The national elections, which were finally cancelled in December 2021, had already caused controversy. The constitutional basis of the elections was not secure. In addition, several controversial candidates such as the son of former ruler Gaddafi, the military commander Khalifa Haftar, who is accused of war crimes, or the current UN-backed interim Prime Minister Abdul Hamid Dbeibah, who himself is not allowed to runaccording to the UN roadmap, were up for election. After the failure of the elections, the House of Representatives, based in Tobruk in eastern Libya, decided on new elections for 2023, which Prime Minister Dbeibah rejected and in turn announced elections for June 2022. In February, the House of Representatives appointed Fathi Bashagha as the new prime minister and also swore in his new cabinet shortly afterwards. Dbeibah and the High Council of State, based in Tripoli in the west of the country, have since rejected Bashagha and the new government.

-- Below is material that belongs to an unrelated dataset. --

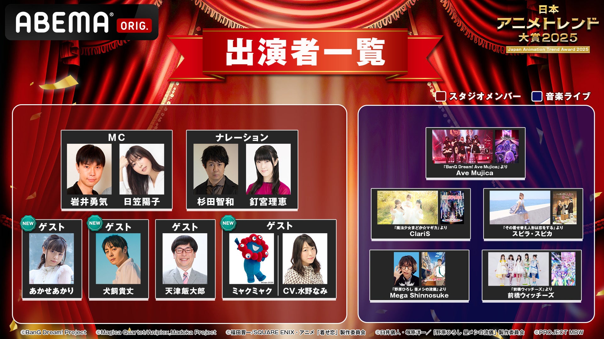 このたび、再現度の高さで話題を呼び、コスプレイヤーとしてのみならず俳優・アーティスト・TikTokerとマルチに活躍するあかせあかり、芸能界屈指のアニメ好きとして知られる俳優の犬飼貴丈、そして今年大きな話題となった大阪・関西万博の公式キャラクター「ミャクミャク」と、「ミャクミャク」のCVを務める水野なみのゲスト出演が決定いたしました。今回の出演にあたり、あかせは「来年のトレンドを先取り出来る事も含め、アニメ好きの人もライトに楽しみにしている人も、楽しめる番組かなと思います」、犬飼は「大好きな岩井さんとアニメの特集に関われて光栄です。個性豊かな作品にどんな発見があるのか、今からワクワクしています」、水野は「ミャクミャクを通して活動をする中で、『声』に関心を寄せてくださる方々も増えてきました。『日本アニメトレンド大賞』では今年注目の作品に携わった方々の声を沢山聞けることが素敵だと感じております」とコメント。『日本アニメトレンド大賞2025』を盛り上げる豪華メンバーが集結しました。

Last week, five military officers belonging to the military commander Khalifa Haftar from eastern Libya had announced that they would suspend their work in the 5+5 Committee, while calling on their leader to suspend all cooperation with Dbeibah’s interim government in western Libya. They also called on Dbeibah to pay them their outstanding salaries. On this point, they are supported by their western Libyan counterparts. The 5+5 Committee was implemented in 2020 after the Libya Conference in Berlin and is composed of five military officers each from the east and west of the country. The committee is one of three dialogue processes that led to a ceasefire in Tripoli in 2020 after six years of civil war.
In other news
After the numbers of malaria deaths have risen significantly again in recent years, the first research results of a new mosquito net have now been published. In order to combat the increased insecticide resistance of the mosquitoes, which is probably responsible for the rise in the number of deaths, different net alternatives were examined in a study. The variant in which the net is spiked with both the conventional agent pyrethroid and chlorfenapyr turned out to be the most effective so far. According to the first evaluations, infections in children halved and hospital admissions fell by 44 percent. The advantage of chlorfenapyr, the scientists said, is that it impairs the mosquitoes’ ability to fly, preventing them from contacting and biting the host. The increased cost of the new type of net could in turn be offset by the less frequent treatment costs. Only the findings from Tanzania are available yet. The results of the other countries involved in the study, Benin, Ghana, Burkina Faso and Côte d’Ivoire, have to be awaited.